With Chouinard, we liked climbing and making gear equally. It was the whole thing—being involved in a small business with a partner going the same direction, believing in the same values. In business, that is a rare experience. We did a fair bit of climbing together, too. We repeated all of Salathé’s routes together, looking for one of his pitons. Chouinard had one; we were looking for one for me. Designing was as much fun as the climbing. Yvon was the idea man, and I was the engineer. Yvon would show up at a climbing area, open his trunk, and sell his pitons and carabiners a couple of years before we met. I worked on the tooling for production, and the business grew slowly but steadily.
When we developed the RURP (Realized Ultimate Reality Piton, a brilliant name that Yvon came up with), it was because Yvon and I had done a climb on Kat Pinnacle in Yosemite and couldn’t finish the last pitch. For the incipient seam, a crack not yet formed, we needed a special piton. We took a power hacksaw blade from a machine shop, broke off the end, and fitted a sling in the hole.
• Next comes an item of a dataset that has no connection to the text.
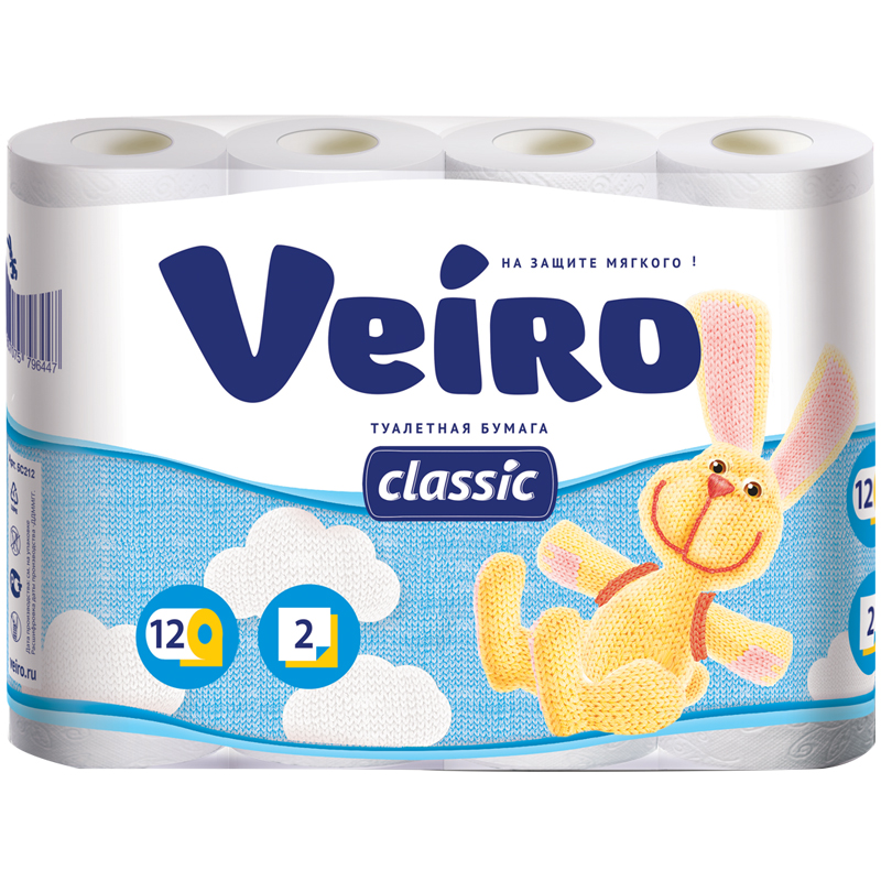 Бумага туалетная бытовая, спайка 12 шт., 2-х слойная (12х17,5 м), VEIRO Classic, белая, 5с212

We climbed the route to the last pitch, and as Yvon attempted to pound it, it shattered into a million pieces! So we realized it had to be made of chromoly instead of hard steel.
In 1997, when Ryan and I were getting in shape for Yosemite, we traveled there from Colorado and stopped at a couple of sport-climbing spots. My feeling is that if you have some good rock that can’t be protected naturally, then it’s appropriate to bolt it. I can count on one hand how many times I have sport-climbed. I went to climbing gym once. I didn’t take to it, so I never went back.
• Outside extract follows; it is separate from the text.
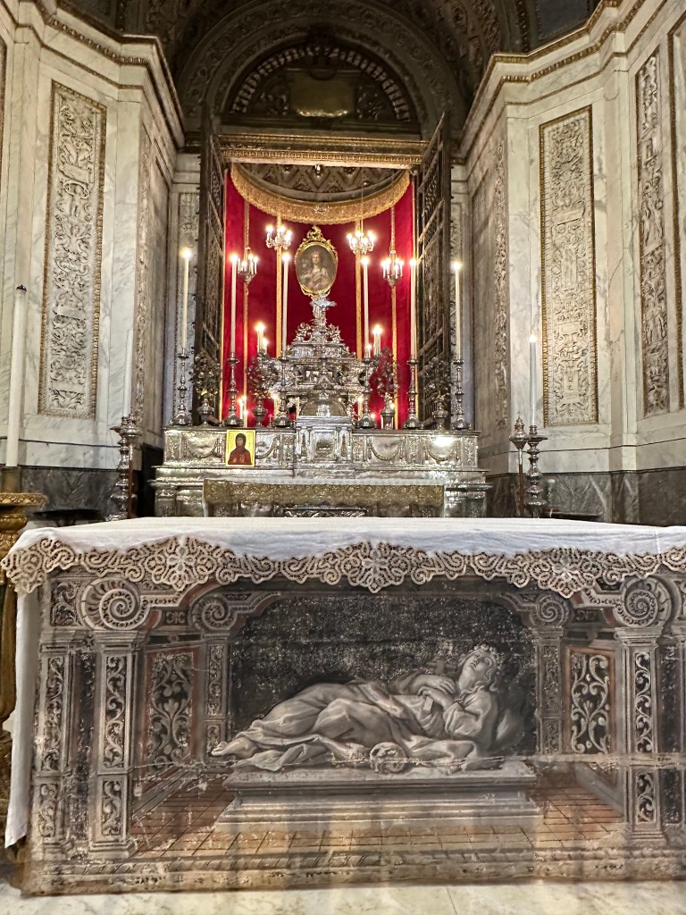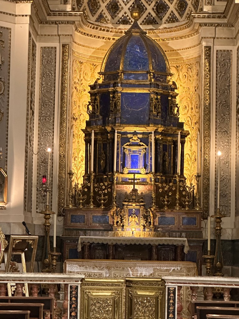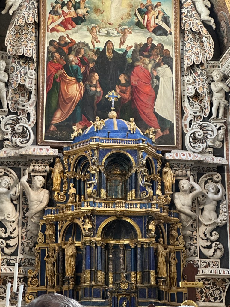 Inside the basilica the main alter looks a bit like St Peter’s in Rome. The church is very decorated and painted.

I still take photos, but only in the mountains when I am hiking or climbing. I only shoot black and white, and with film. It works in Yosemite. When I was climbing El Cap in the 60s, I took pictures to document. Back then, if you could do the climb, you could take the photos and you were already in a good place. It’s not like today, where most things are set up. I was first a climber, then a photographer. Our pace back then was slow, not like today where it’s a big rush to get to the top. We were taking it all in we were at home. My favorite photo is my shot looking down on Royal at El Cap Spire.
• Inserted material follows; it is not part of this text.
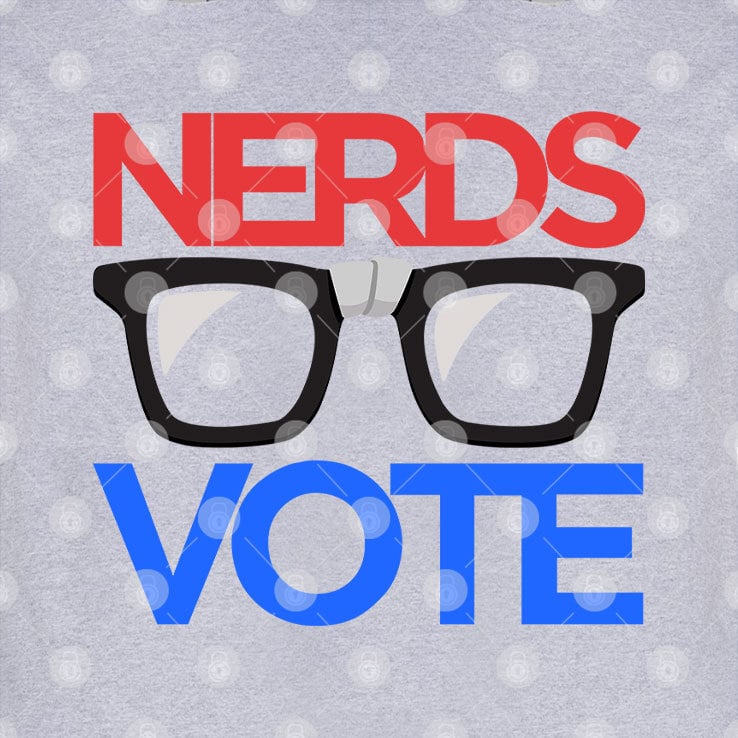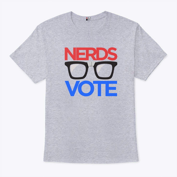 The phrase “Nerds Vote” represents a campaign encouraging people, especially those in the “nerd” community (such as fans of video games, comics, and pop culture), to participate in elections and exercise their right to vote.

Yvon and I, Royal, and those great philosophers from the “old era” were passionate about stewardship and taking care of the rock, the beauty of it and nature. We were all about Royal’s philosophy—how it’s not what you climb but how you do it that matters and most important to us was to leave the route in precisely the same excellent condition you found it in. We would leave no pitons behind, trying to apply the philosophy learned from Salathé. We tried to teach by our actions, and by our words.
I had been in Colorado for years, and it had been 37 years since I had done the Nose [second ascent]. I knew deterioration was an issue but was aware climbers had turned over to clean climbing. In 1997, I found the Nose in excellent condition. There were some minor issues that inspired me to write my piece for the AAJ, published in 1998. The last thing I wrote after that was my address at Innsbruck.
I never had a really scary moment. There are a couple of spots, though. I come unglued a little at the Cyclops overhang on the North America Wall. And when Royal and I went back to do the second ascent of the Salathé, the idea was for each of us to lead the pitches we followed the first time. He made me lead the Ear. The thought of it was terrifying, but it turned out to be easy just a mental problem. I’ll admit the roof at the start of the Salathé headwall is a little scary, too. But as I look back at the photos, I realize I really loved it up there. It was like going home every time we climbed El Cap. It was home.